Figure 26: Number of decision variables in the naive MCMCF formulation versus BELATEDLY for different application scenarios.

**Our optimizations to the original MCMCF formulation reduces BELATEDLY's memory and compute requirements by orders of magnitude.** In Figure 26 we count the number of decision variables in the MCMCF formulation given our naive construction (§3.1) and our pruned version (§A.3.1). For all three application scenarios, the number of decision variables is reduced by three to four orders of magnitude.

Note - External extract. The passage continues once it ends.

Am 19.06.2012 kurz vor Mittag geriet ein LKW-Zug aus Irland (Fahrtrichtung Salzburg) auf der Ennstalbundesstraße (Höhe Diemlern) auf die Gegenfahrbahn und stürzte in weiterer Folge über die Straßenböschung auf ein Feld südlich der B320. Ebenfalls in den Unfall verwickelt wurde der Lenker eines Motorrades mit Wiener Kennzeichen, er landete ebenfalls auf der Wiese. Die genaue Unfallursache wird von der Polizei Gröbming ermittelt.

**Empirically, the formulation provides tight bounds.** While solving a 'relaxed' version of the problem only gives us a lower-bound on the total latency (and not an implementable schedule), our randomized rounding strategy and flow balance heuristics work well in practice. For each application scenario, we perform 20 runs of BELAT-EDLY sweeping different *Z* values and cache sizes. Across all three scenarios, we see a median error of at most 0.05% and a maximum error of 1.71%. Table 3 lists the relative error between the upper- and lower-bounds of the solution generated by BELATEDLY.

|         | Mean Err.% | Median Err.% | Max. Err.% |
|---------|------------|--------------|------------|
| Network | 0.017      | 0.004        | 0.124      |
| CDN     | 0.325      | 0.051        | 1.707      |
| Storage | 0.015      | 0.007        | 0.072      |

Table 3: Empirical bounds on BELATEDLY's error (calculated by comparing the integer upper-bound to the relaxed lower-bound).

 $<sup>^{17}\</sup>mathrm{This}$  includes overheads incurred by Gurobi's internal data-structures; the raw model itself is significantly more compact.

<sup>&</sup>lt;sup>18</sup>For instance, the optimal fractional solution may involve caching *half* an object, which is not particularly meaningful.